Regulatory progress is central to TMC’s value creation narrative. Throughout 2025, the company achieved full compliance for exploration applications, advanced toward permit certification, and aligned commercial recovery timelines to Q4 2027. Partnership expansion with Nauru, Tonga, Allseas, and Korea Zinc has strengthened offshore operational capacity and U.S. supply chain integration prospects.
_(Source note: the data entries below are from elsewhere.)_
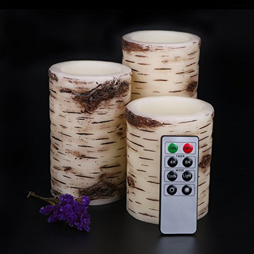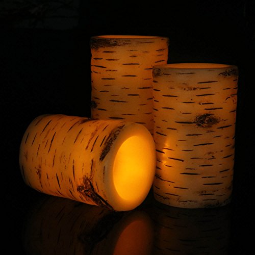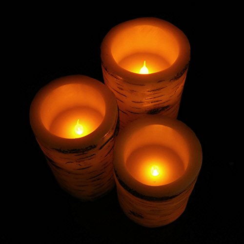 LedBack Wax LED Candles with Remote Flickering Amber Pillar Candles Timing Tea Lights Set of 3 Battery Operated Candles for Wedding Holiday Christmas Party Decoration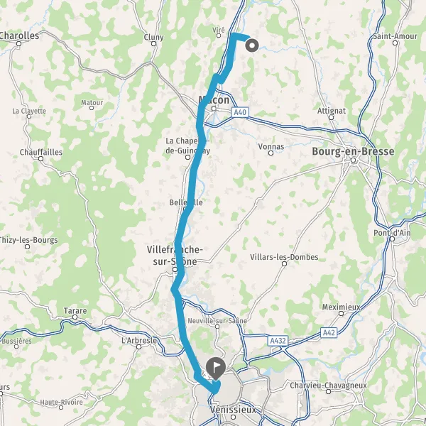 Avec le mode voiture, vous pouvez configurer vos options (type de véhicule, autoroute ou non, péage ou non, distance la plus courte), tout en ayant accès aux infos de circulation grâce à notre service d'info-trafic en temps réel. Ainsi faites des économies sur le coût ou la durée de votre voyage, en trouvant le trajet Pont-de-Vaux Lyon adapté à vos besoins.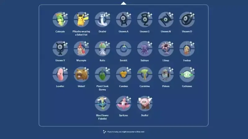 사파리 모자를 쓴 캐터피 피카츄 Dratini Unown A Unown G Unown N Unown O Unown Y Wurmple Ralts Surskit Sableye Lileep Feebas Luvdisc Bidoof Plant Cloak Burmy Combee Carnivine Pidove Cottonee Blue Flower Flabébé Spritzee Stufful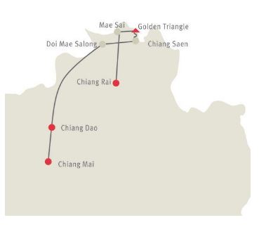 Die heutige Etappe führt durch eine grandiose Bergwelt. Auf 1800 Meter machen Sie Halt in Doi Mae Salong. Die Region ist vor allem bekannt durch ihre Teeplantagen und die prächtige Sicht auf das Tal des Mekong, das benachbarte Myanmar und weit nach Thailand hinein. Unterwegs besuchen Sie Ban Lorcha, ein Dorf des Akha Stammes. Am Nachmittag Weiterfahrt durch eine wunderbare Szenerie nach Chiang Dao.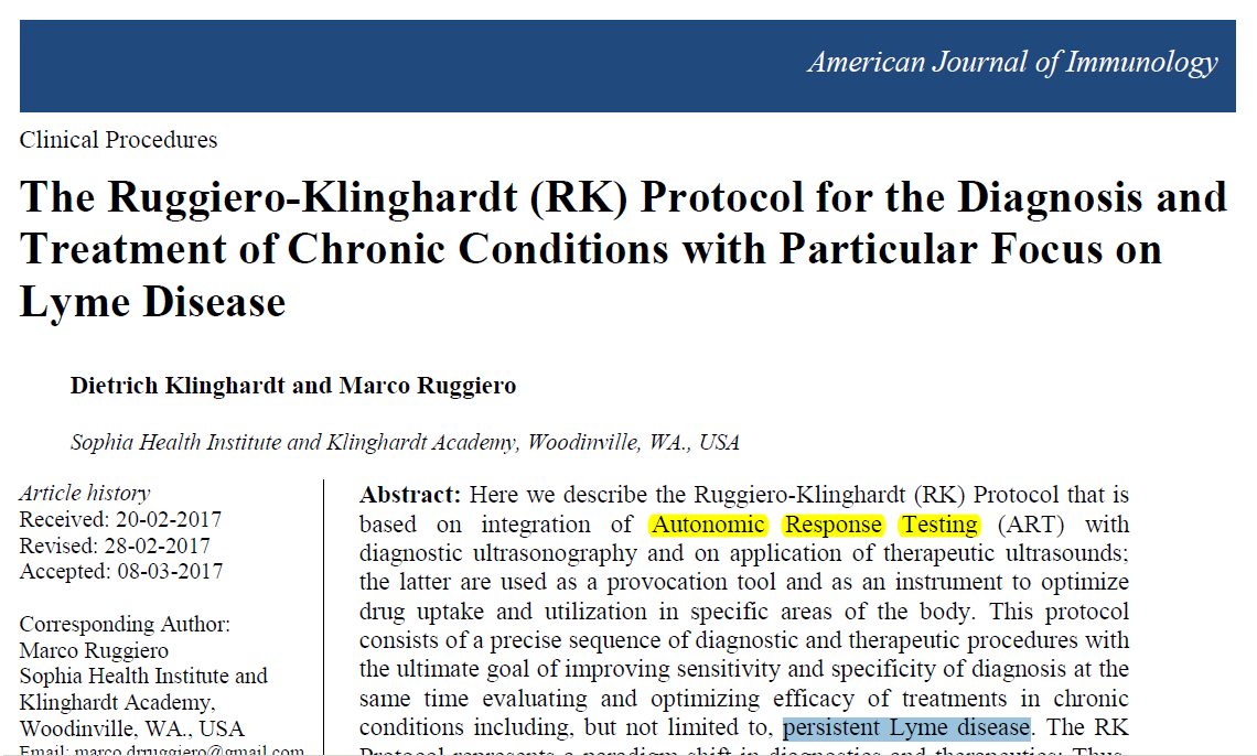 And “DNA Connexions”, whom I encountered in the context of Klinghardt – they provide Science Confirmation for Klinghardt’s voodoo diagnoses of Chronic Lyme. Which can be treated with Rerum, of course.

Financially, TMC maintains a manageable balance sheet despite zero current revenues. The company holds $165 million in cash reserves with over $400 million in potential warrant upside, mitigating near-term liquidity pressures. The long-term production model projects EBITDA margins approaching 50% by 2040 as refining operations attain scale—a compelling payoff if development milestones are successfully navigated.
Evaluating Risk-Reward Positioning
UAMY and TMC represent opposite ends of the critical minerals development spectrum. UAMY delivers immediate operational momentum, with expanding antimony production, domestic mining establishment, and processing capacity additions generating near-term revenue and earnings expansion. TMC pursues a far-reaching seabed-to-battery ecosystem targeting transformation of U.S. nickel, cobalt, manganese, and copper supply chains—a vision contingent on successful regulatory passage, technology scaling, and strategic partnership execution.
Both companies advance U.S. strategic interests in supply chain resilience. However, their risk architectures diverge sharply: UAMY offers established operational traction with visible near-term cash generation, while TMC promises substantial future scale conditional upon achieving multiple development and regulatory milestones over a multi-year timeline.
Current analyst assessments reflect this divergence. UAMY carries a Zacks Rank #4 (Sell) rating, suggesting that despite favorable fundamentals, valuation correction may persist following the recent rally. TMC holds a Zacks Rank #3 (Hold) designation, recommending position maintenance for existing investors as the company progresses toward commercial-phase operations.